Virally expressed hCCL20 or mGM-CSF enhances MVA-specific CD8⁺ T-cell and antibody responses following single-dose vaccination in mice. Mice were immunized i.p. with MVA, MVA-NP-hCCL20, MVA-NP-mGM-CSF, or PBS. (A) Representative MVA-specific CD8⁺ and CD4⁺ T-cell responses at 7 dpi from individual mice within each experimental group. IFN-γ-producing MVA-specific CD8⁺ and CD4⁺ T cells were detected via flow cytometry following stimulation with MVA-infected A20 cells. The frequencies of MVA-specific CD8⁺ and CD4⁺ T cells are expressed as percentages of total CD8α⁺ or CD4⁺ splenocytes, respectively. The negative control is the naïve group, and the positive control is the group immunized with MVA. (B) Frequencies of MVA-specific CD8⁺ and CD4⁺ T cells (note different scales) were determined at 7 dpi in two independent experiments. The symbols denote values determined for individual mice, and the horizontal bars denote the group means. Nonparametric ANOVAs (Kruskal-Wallis tests) were performed to compare CD8⁺ or CD4⁺ T-cell responses between all immunization groups. (C) MVA-specific serum antibody titers were determined by ELISA at 7 days (n = 10 mice per group) and 30 days (n = 5 mice per group) following immunization with the indicated virus. The median titers, range of values, and P values for pairwise comparisons between groups of mice immunized with MVA-NP-mGM-CSF or MVA-NP-hCCL20 versus MVA using a two-tailed Wilcoxon rank sum test are shown.

FIG. 4.

Cytokine-expressing rMVA vectors do not elicit enhanced boosting of memory CD8⁺ T-cell responses. Mice were immunized with plasmid pCMVNP to prime LCMV-NP-specific CD8⁺ T-cell responses and were boosted 30 days later with MVA-NP, MVA-NP-hCCL20, MVA-NP-mGM-CSF, MVA-NP-hFlt3-L, or PBS (Mock).
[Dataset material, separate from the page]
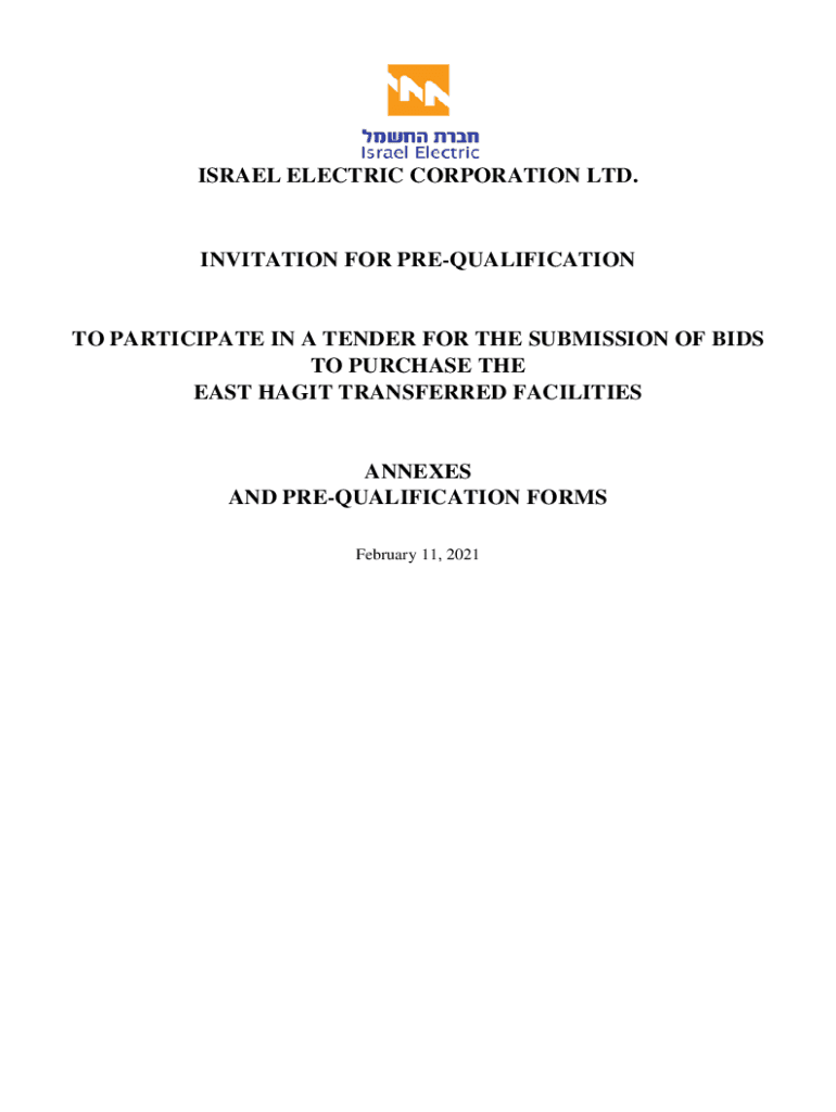 ISRAEL ELECTRIC CORPORATION LTD.INVITATION FOR PREQUALIFICATION PARTICIPATE IN A TENDER FOR THE SUBMISSION OF BIDS TO PURCHASE THE EAST HABIT TRANSFERRED FACILITIESANNEXES AND PREQUALIFICATION FORMS

Frequencies of LCMV-NP-specific CD8⁺ splenocytes were measured at 7 days postboost by MHC-I-tetramer analysis and are expressed as percentages of total CD8α⁺ splenocytes. (A) Representative LCMV-NP_118-126-specific CD8⁺ T-cell responses from individual mice within indicated experimental groups. (B) Summary of LCMV-NP_118-126-specific CD8⁺ T cells measured in two independent experiments. Data points represent values derived from individual mice, and the bars denote the group means.